Palestinian mother who lost five-month-old twins in airstrike spent decade trying to conceive

Credit: AP

A Palestinian mother. who lost her five-month-old twins in an Israeli airstrike overnight, had spent 10 years trying to get pregnant.

Rania Abu Anza's family home in Rafah - the southernmost city in Gaza - was struck late on Saturday evening.

The destruction killed her children, her husband and 11 other relatives and leaving another nine missing under the rubble, according to survivors and local health officials.

Ms Abu Anza, 29, had woken up at around 10 pm, to breastfeed her son, Naeim, and went back to sleep with him in one arm and her daughter, Wissam, in the other. Her husband was sleeping beside them.

The explosion came an hour and a half later and the house collapsed.

“I screamed for my children and my husband,” she said, as she sobbed and cradled a baby's blanket to her chest. ”They were all dead. Their father took them and left me behind."

Ms Abu Anza and her husband spent a decade trying to conceive. They attempted three rounds of IVF before they learnt she was pregnant early last year.

The twins were born on October 13, less than a week after Hamas stormed Israel in a surprise attack.

“I didn’t get enough of them,” Ms Abu Anza said. “I swear I didn’t get enough of them.”

“We have no rights, I lost the people who were dearest to me. I don’t want to live here. I want to get out of this country. I’m tired of this war.”

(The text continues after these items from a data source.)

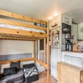 This cozy apartment, located on the 6th floor of a ski-in/ski-out residence, offers the perfect retreat for small families or groups of up to four guests. The living room is furnished with a sofa bed that sleeps two, while the mezzanine features two beds (not suitable for two adults). The property is pet-friendly, allowing you to bring along your furry companions. Bed linen is included, and guests can opt for additional towel services or a daily linen change for added comfort.
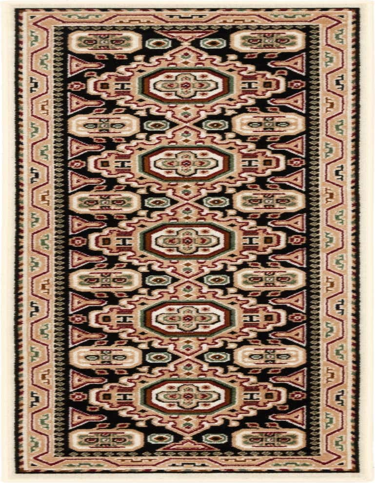 Primary color is Black. Colors in this rug include: Black, Beige, Green, Ivory, Orange, Red.
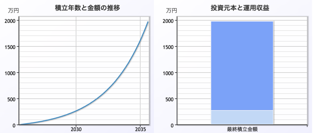 理論上は10年で約1970万円ほどに達する可能性があり、ほぼ資産2000万円を達成できるような金額になってきます。
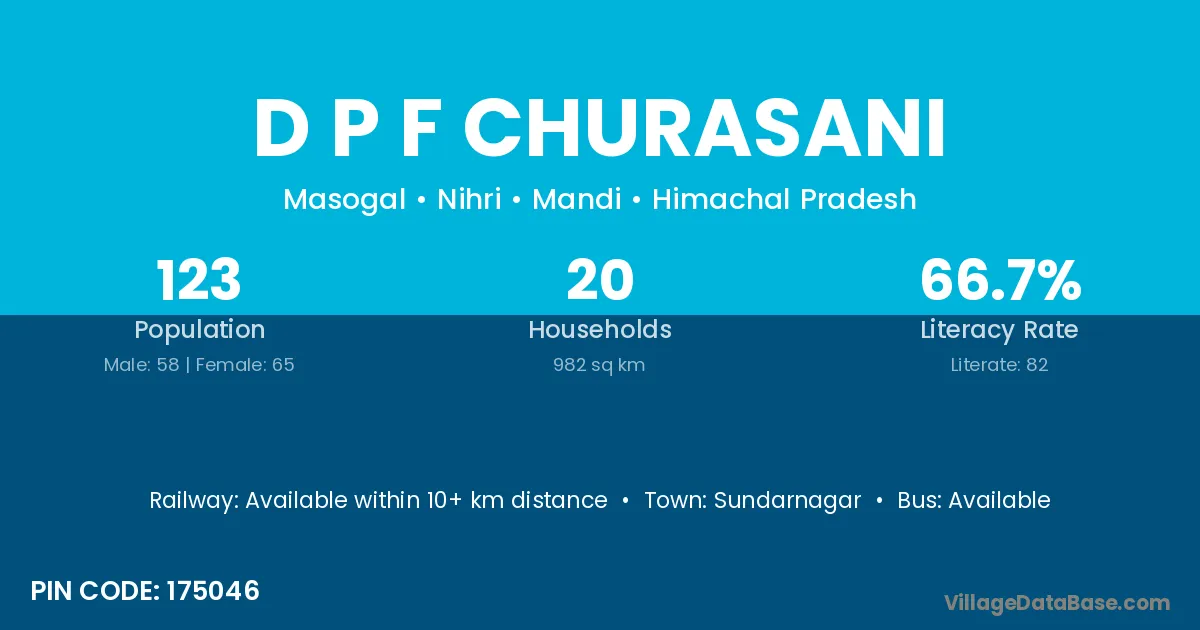 D P F Churasani village has a total population of 123 people, of which 58 are males and 65 are females.
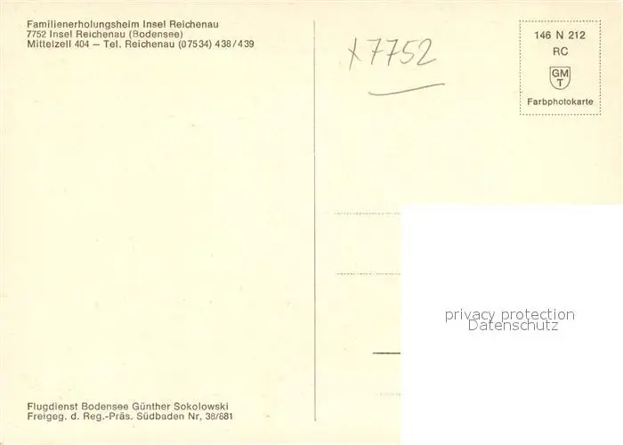 Insel_Reichenau Familienerholungsheim Fliegeraufnahme Insel Reichenau postalisch nicht gelaufen nach 1965 Erhaltung siehe scans [FriedD77] Frierer
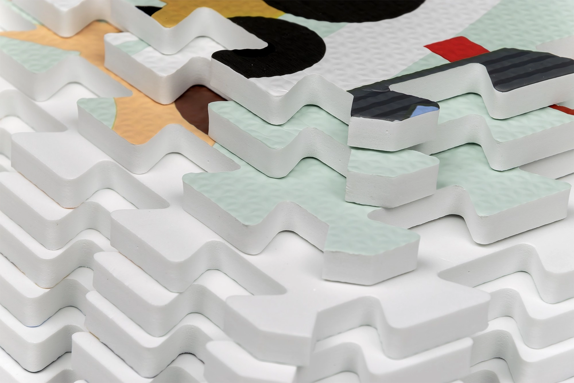 Diely 30 × 30 cm s okrajmi možno spájať do väčšej plochy alebo skladať do 3D tvarov (napr. kocka). Ideálne na prispôsobenie priestoru aj rozvoj kreativity.
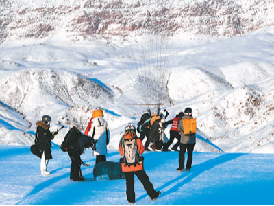 游客在将军山国际滑雪度假区体验滑翔伞。
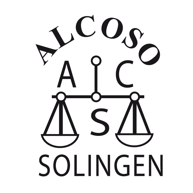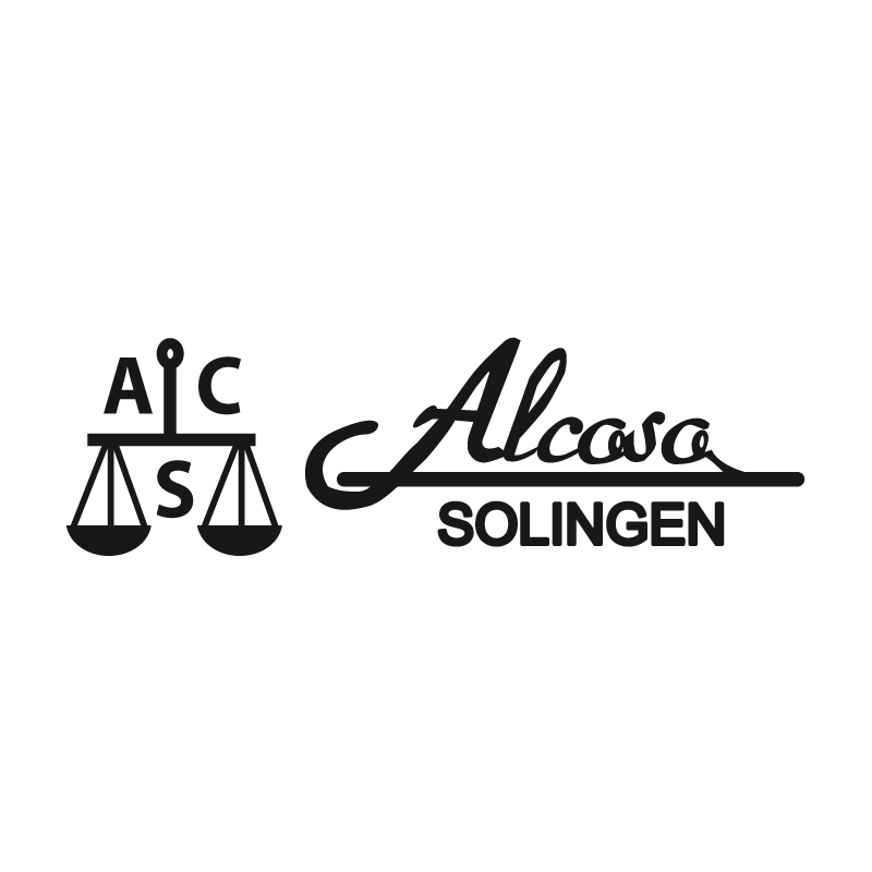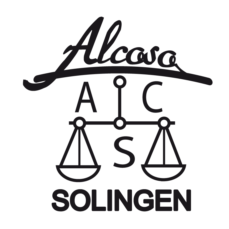 Das Logo von Alexander Coppel (Alcoso) besteht aus dem Text "Alcoso" in kursiver Schrift oben, "A C S" in der Mitte mit einer stilisierten Waage (balance scale) dazwischen, und "SOLINGEN" unten in Großbuchstaben. Das Logo ist in dunkelgrauer Farbe auf transparentem Hintergrund gehalten und symbolisiert Gerechtigkeit und Qualität, typischerweise auf Klingen geätzt.
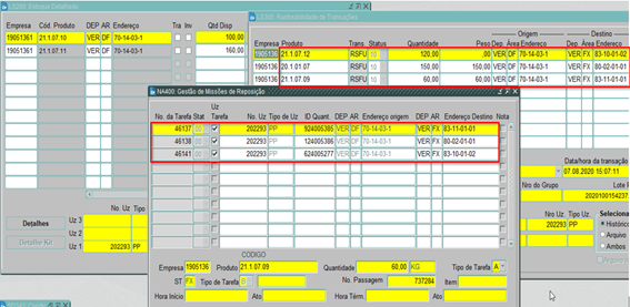Durante o processo de separação de picking, foi identificado que não tinha produto no endereço para ser separado. Então, na “NA400” podem ser visualizadas as missões criadas “Stat 00” disponíveis para o processo de ativação.
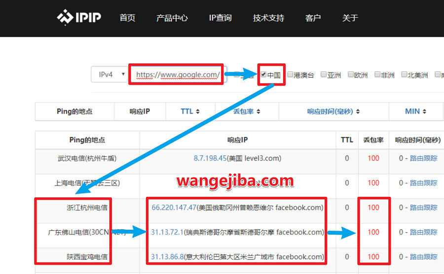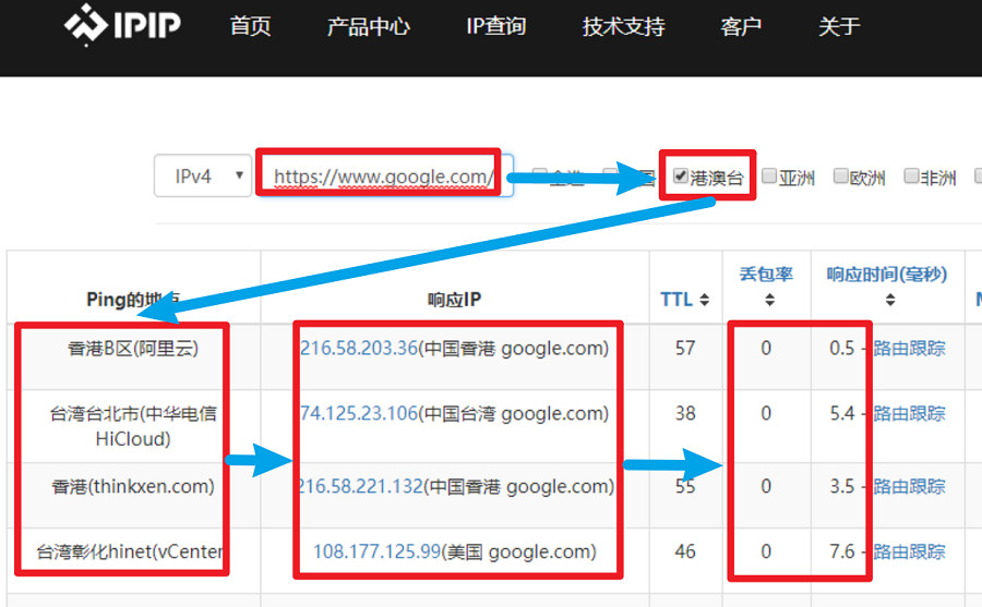 2.2.Ping查询:https://tools.ipip.net/ping.php
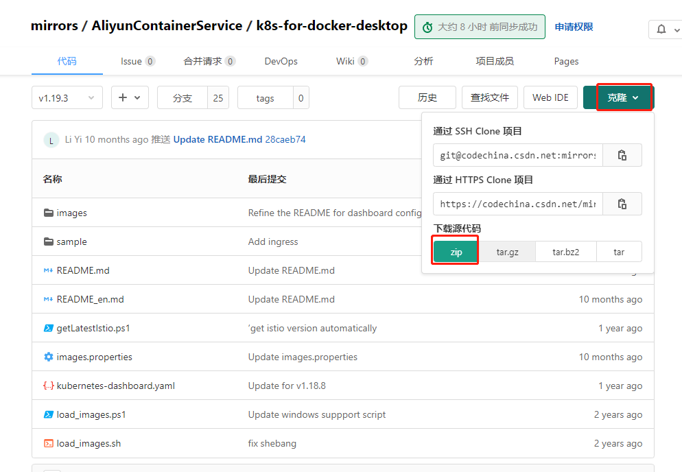 命令1(拉取镜像分支):git clone https://github.com/AliyunContainerService/k8s-for-docker-desktop.git
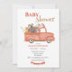 Doux petit aquarelle bois animaux de forêt dans un camion vintage. Les rouges et les bruns rendent cet invitation simple parfait pour la célébration de votre bébé garçon. 100% de satisfaction client avec "Zazzle"

Rania Abu Anza is left with nothing but the blankets her babies had been wrapped in the night they were killed. Credit: AP

Over half of Gaza's 2.3 million population has taken refuge in Rafah after being displaced from their homes.

It was previously declared a 'safe zone' by Israel in October but Prime Minister Benjamin Netanyahu says the city the next target of the ground offensive.

Of the 14 people killed in the Abu Anza house, six were children and four were women, according to Dr. Marwan al-Hams, director of the hospital where the bodies were taken.

In addition to her husband and children, Rania also lost a sister, a nephew, a pregnant cousin and other relatives.

Ms Abu Anza spent a decade trying to conceive her children, who were born on October 13 last year. Credit: AP

Farouq Abu Anza, a relative, said about 35 people were staying at the house, some of whom had been displaced from other areas.

He said they were all civilians, mostly children, and that there were no militants among them. The Israeli military has not commented on the strike.

Israel says it tries to avoid harming civilians and blames their deaths on the Hamas militant group because it positions fighters, tunnels and rocket launchers in dense residential areas.

But the military rarely comments on individual strikes.